There were several types of data we wanted to collect during evaluation, both qualitative and quantitative:

  • Did users find system enjoyable and user-friendly?  Here we wanted to see if the buttons, labels and actions were clear to users, and if the steps to complete actions made sense.
  • Did users trust the system?  We wanted to know how users felt about gifts recommended by the system.  How much transparency does the system need about its recommendations? 
  • How useful is the system?  Here we wanted to know how likely people would be to use the system.  Do users think it would cut down on their time and stress looking for gifts?

In order to evaluate the prototype, we employed expert evaluations and usability tests.  For expert evaluations, we chose a heuristic evaluation in order to identify any issues in usability based on Nielsen and Normans 10 heuristics.  

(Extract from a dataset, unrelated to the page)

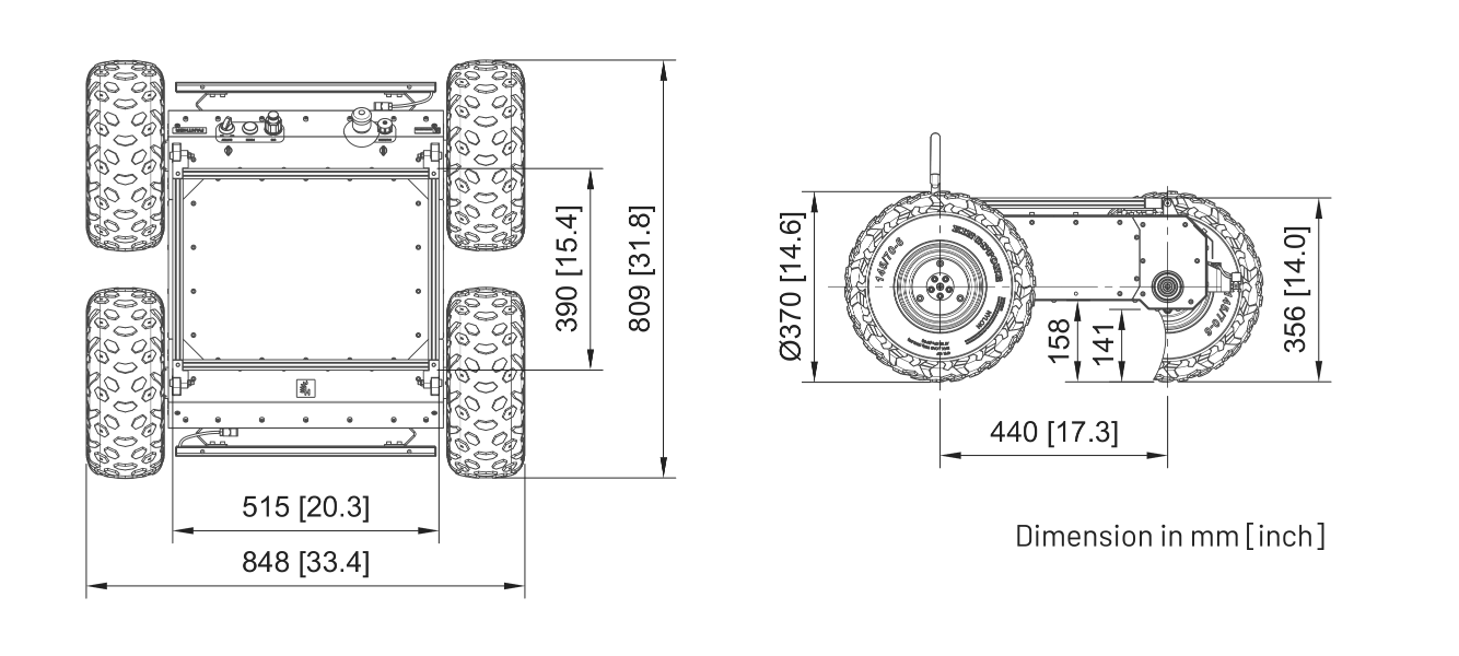 | Wheel | 4 | WH01 - 370mm standard off-road wheels, WH02 - 203mm mecanum wheels. A recommended tire pressure for WH01 option is 1.0 to 1.5 bar (14 to 22 psi). |

Moderated Usability Testing

We recruited five potential users to take part in usability testing of the interactive prototype.  The structure was as follows:

  1. Introduce the app and allow participant to do a think aloud walkthrough of the prototype for a few minutes (roughly two minutes).  
  2. Explain context, introduce a potential friend, Sasha Sparkes, and ask participant to complete three tasks and answer a questionnaire set after each task to measure ease of completion, and trust with the system (for task 1 only):
    1. Task 1: Use the Prezent app to find a store location of one recommended gift for Sasha Sparkes. 
    2. Task 2: Locate the date of Sasha Sparke's birthday.
    3. Task 3: Add 'Yoga' as an interest to your profile.
  3. Participants were asked to respond to a set of Likert scale questions and a set of open response questions regarding their experience with the prototype.  We were trying to collect data regarding how the app compares to their current way of gifting, details about if they trust the system, how enjoyable the system was and how potentially useful they found the system.  
  4. We concluded with the System Usability Scale (SUS) in order to have a validated scale's measure on the usability of the system.


We synthesized the results of all of the usability tests to drill down to common themes that were found that could be improved upon on the next iteration of Prezent.

  1. The application needs to build trust with users. Users want more justification for the gift ideas before they feel confident enough to pick one.  One possible solution would be to provide some type of visualization or background information regarding the justification of the gift idea.   

Conclusion & Next Steps

The prototype does not include the algorithm for gift recommending, it only simulates it.  However, if the project were to be moved forward, what potential trust implications would we want to keep in mind when further developing the recommender algorithm.

Team Acme Redesign on poster presentation day!

Team Acme Redesign on poster presentation day!